Consumers really were checking out new and interesting foods during the time they spent at home. The New York City-based Specialty Food Association (SFA) is out with its annual report, showing retail sales of specialty foods spiked 24% from 2018 to 2020 and 19.4% during 2020 alone. The specialty food market is estimated at $170.4 billion, a new high.
In its report, “The State of the Specialty Food Industry: 2021-22 Edition,” SFA concluded that the higher sales reflected the pandemic’s impact on purchasing trends and food preparation and consumption. Moreover, while it will take years for the restaurant industry to rebound, the report predicts that retail performance is likely to remain strong.
Trend watchers can take note of the fastest growing categories, led by seasonings and followed by shelf-stable sauces, pasta and pizza; beans, grains, rice; fruit; frozen fruit and vegetables; refrigerated creams and creamers; refrigerated plant-based meat alternatives; refrigerated pasta, ready-to-drink tea and coffee; tofu; and shelf stable creams and creamers.

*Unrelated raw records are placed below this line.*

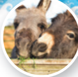
12. Moher Hill Open Farm
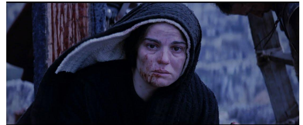
Maia Morgenstern, The Deposition ( The Passion of the Christ )
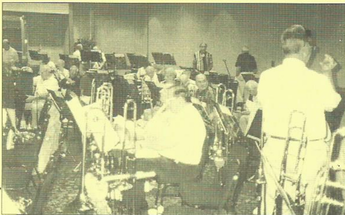
The Eternal Search Through The Folder for Music
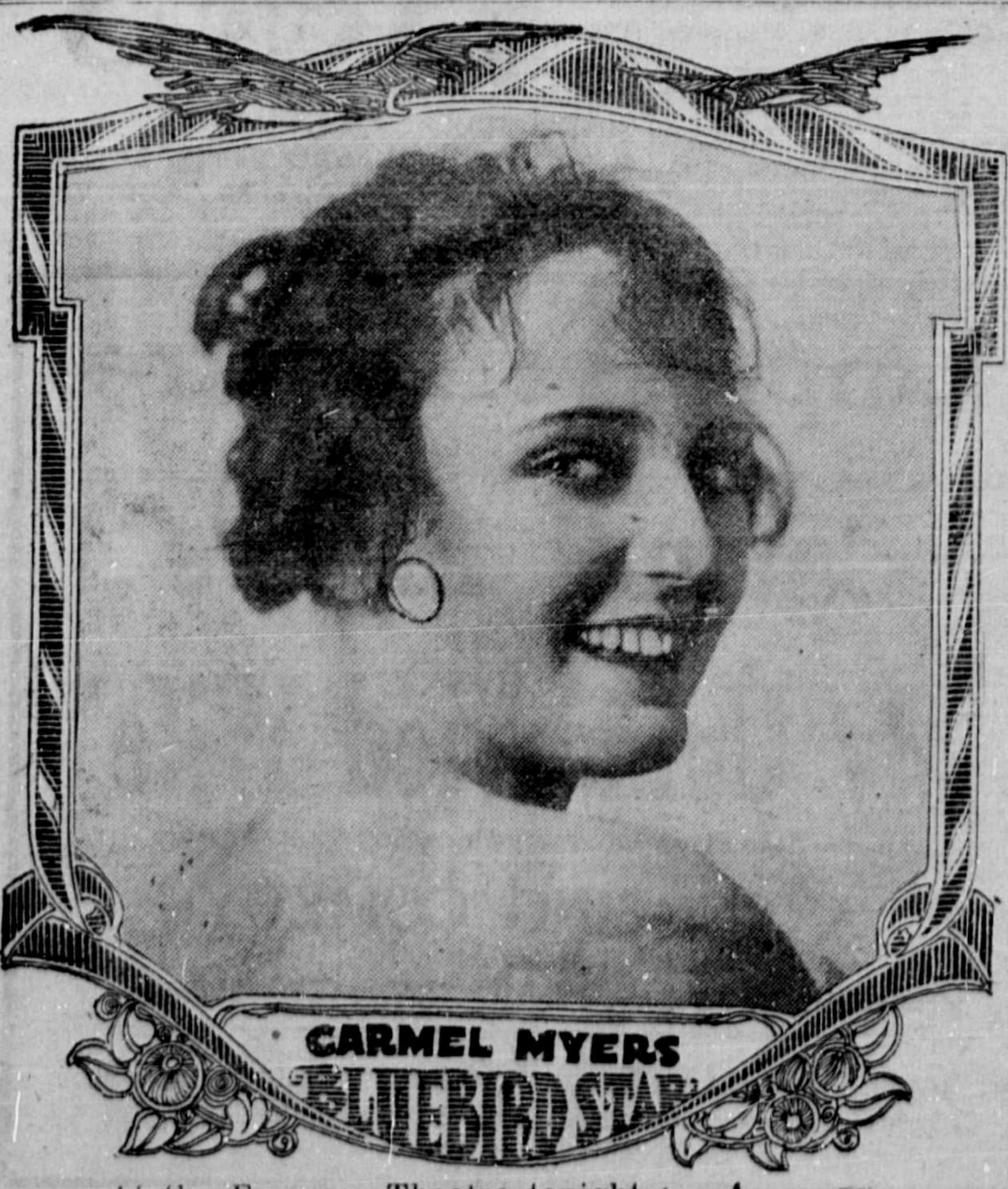
At the Empress Theatre tonight

Local Irishmen are celebrating the day by a concert in the Westholme Theatre and a dance in the St. Andrew's Hall.

Traditional categories are still raking in the most retail sales, including meat, poultry and seafood; cheese; chips, pretzels and snacks; bread and baked goods; coffee and hot cocoa; desserts; refrigerated and frozen entrees; chocolate; and condiments, dressings and marinades.
SFA’s findings reinforce other commonly-held notions about shifting consumer behaviors, including the rise of plant-based specialty foods, momentum in e-commerce and omnichannel platforms and the rebirth of the center store.
"The ripple across all channels of the specialty food industry has been tremendous," said SFA President Bill Lynch. "We've seen businesses flex their creativity in ways they never could have imagined, from restaurants becoming pop-up specialty food grocers to makers increasing production to meet consumer demand. Despite these historic challenges, the industry has continued to innovate and grow, as outlined in our annual research."
SFA’s experts will discuss the report in detail during a webinar on June 24.